### [Dataset records]

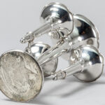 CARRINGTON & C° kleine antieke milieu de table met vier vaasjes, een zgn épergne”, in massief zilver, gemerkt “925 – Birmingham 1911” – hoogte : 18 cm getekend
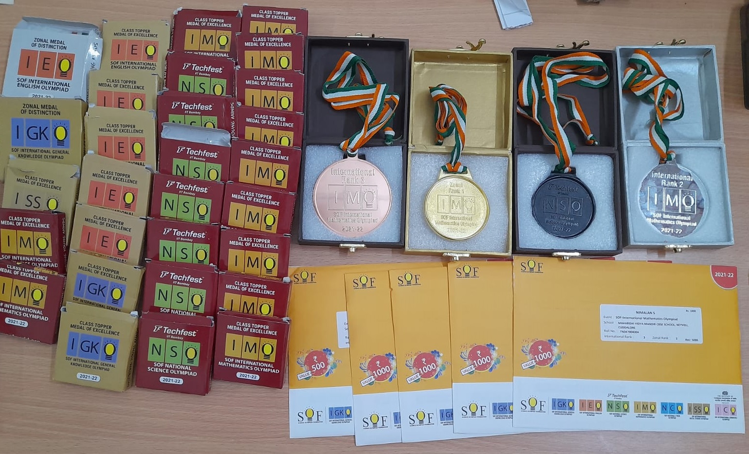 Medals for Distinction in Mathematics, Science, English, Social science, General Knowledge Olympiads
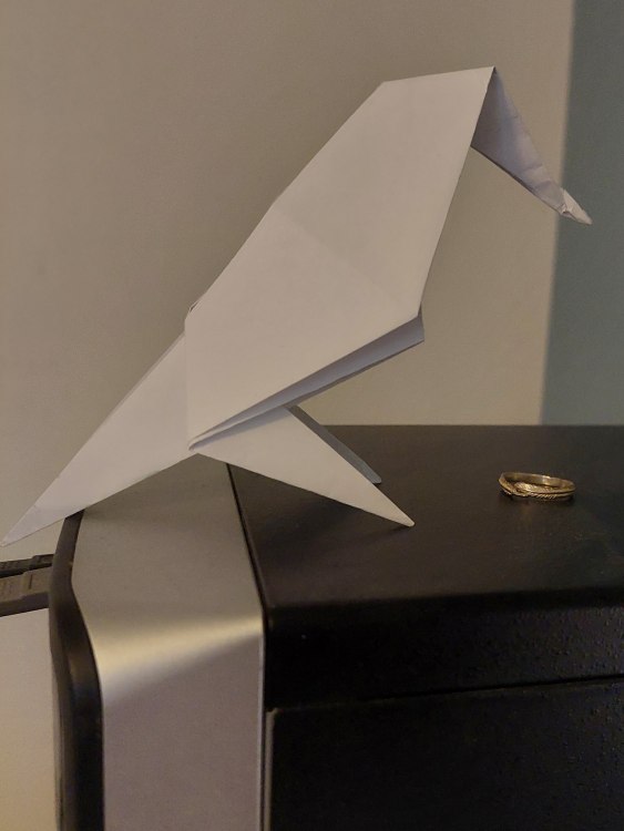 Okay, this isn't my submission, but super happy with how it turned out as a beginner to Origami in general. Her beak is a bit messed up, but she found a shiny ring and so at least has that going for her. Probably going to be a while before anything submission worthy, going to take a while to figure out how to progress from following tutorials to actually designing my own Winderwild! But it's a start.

---

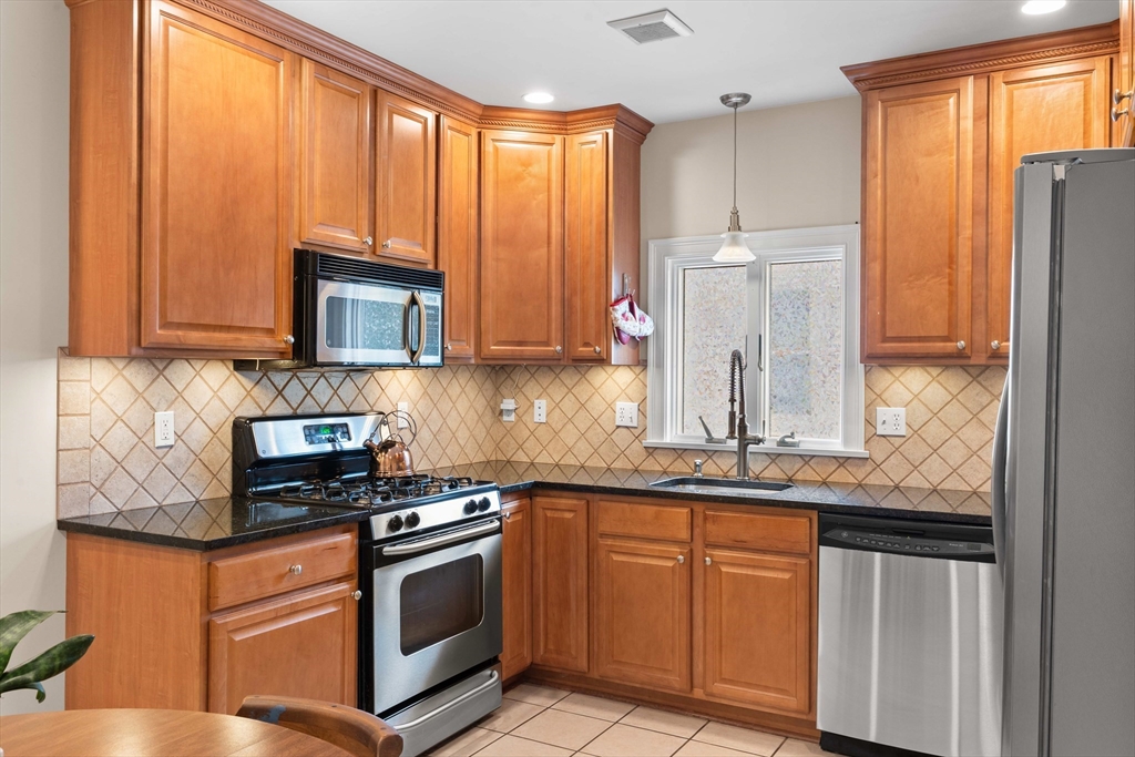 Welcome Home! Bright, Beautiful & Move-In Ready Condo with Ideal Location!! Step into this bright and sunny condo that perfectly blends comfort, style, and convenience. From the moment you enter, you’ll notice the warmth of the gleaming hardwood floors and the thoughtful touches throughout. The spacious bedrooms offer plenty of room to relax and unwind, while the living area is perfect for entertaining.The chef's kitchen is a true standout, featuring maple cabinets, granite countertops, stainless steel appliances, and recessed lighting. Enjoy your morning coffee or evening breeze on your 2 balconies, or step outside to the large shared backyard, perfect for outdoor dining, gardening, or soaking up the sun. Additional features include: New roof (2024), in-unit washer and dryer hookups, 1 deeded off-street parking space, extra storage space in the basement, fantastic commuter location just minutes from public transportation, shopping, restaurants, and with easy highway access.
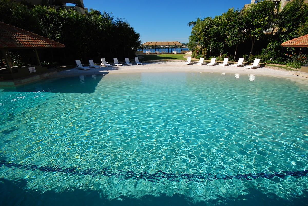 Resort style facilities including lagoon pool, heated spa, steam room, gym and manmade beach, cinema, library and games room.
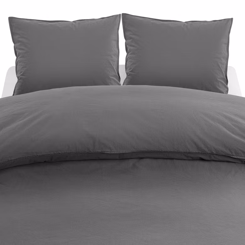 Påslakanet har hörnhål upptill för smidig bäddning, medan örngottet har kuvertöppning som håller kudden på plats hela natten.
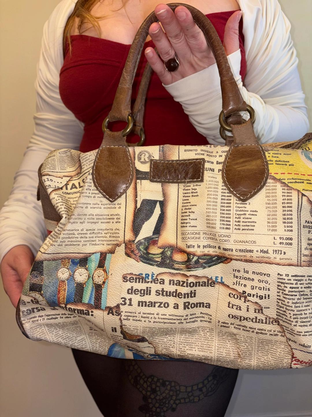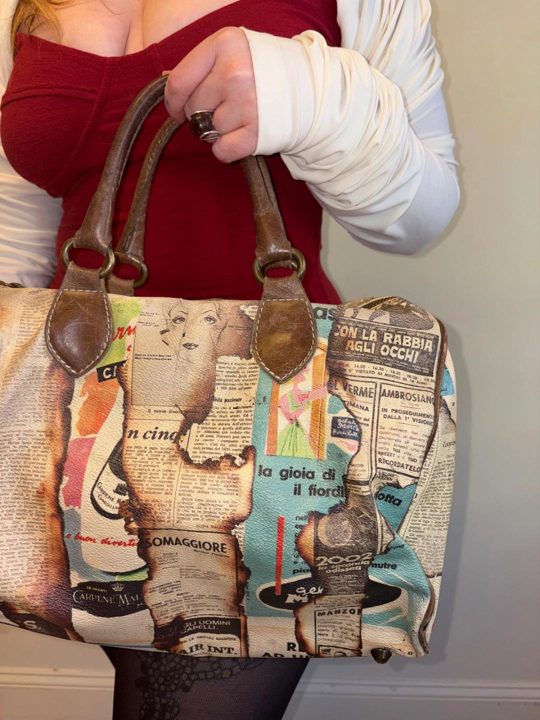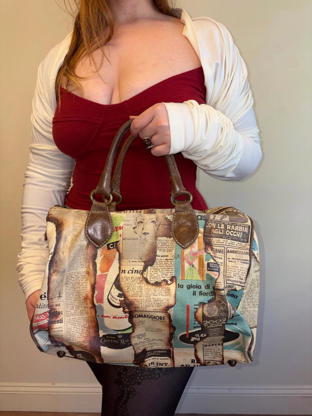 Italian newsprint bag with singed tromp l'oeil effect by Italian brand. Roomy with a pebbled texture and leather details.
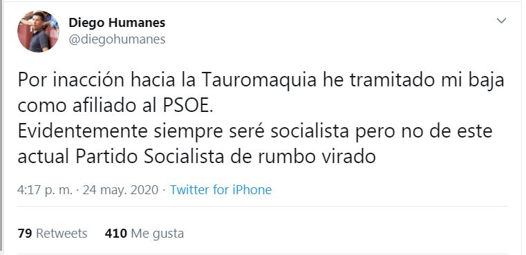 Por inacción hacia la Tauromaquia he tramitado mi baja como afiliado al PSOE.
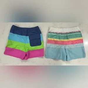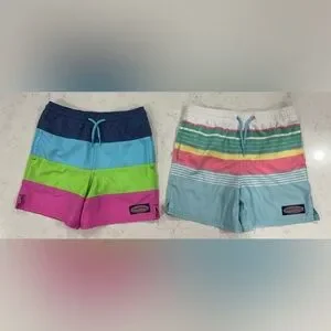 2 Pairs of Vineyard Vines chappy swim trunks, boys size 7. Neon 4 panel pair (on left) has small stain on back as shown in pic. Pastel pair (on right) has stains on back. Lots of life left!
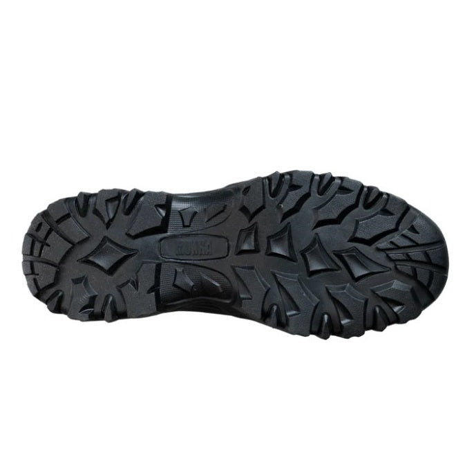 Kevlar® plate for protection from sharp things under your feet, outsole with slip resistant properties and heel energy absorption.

### [Exercise objective]
The stretch to restate runs from the line above containing "Resort style facilities" through the line containing "Kevlar® plate for". Copy it word for word, ends included, without pictures.

### [Your response]
 Resort style facilities including lagoon pool, heated spa, steam room, gym and manmade beach, cinema, library and games room.
 Påslakanet har hörnhål upptill för smidig bäddning, medan örngottet har kuvertöppning som håller kudden på plats hela natten.
 Italian newsprint bag with singed tromp l'oeil effect by Italian brand. Roomy with a pebbled texture and leather details.
 Por inacción hacia la Tauromaquia he tramitado mi baja como afiliado al PSOE.
 2 Pairs of Vineyard Vines chappy swim trunks, boys size 7. Neon 4 panel pair (on left) has small stain on back as shown in pic. Pastel pair (on right) has stains on back. Lots of life left!
 Kevlar® plate for protection from sharp things under your feet, outsole with slip resistant properties and heel energy absorption.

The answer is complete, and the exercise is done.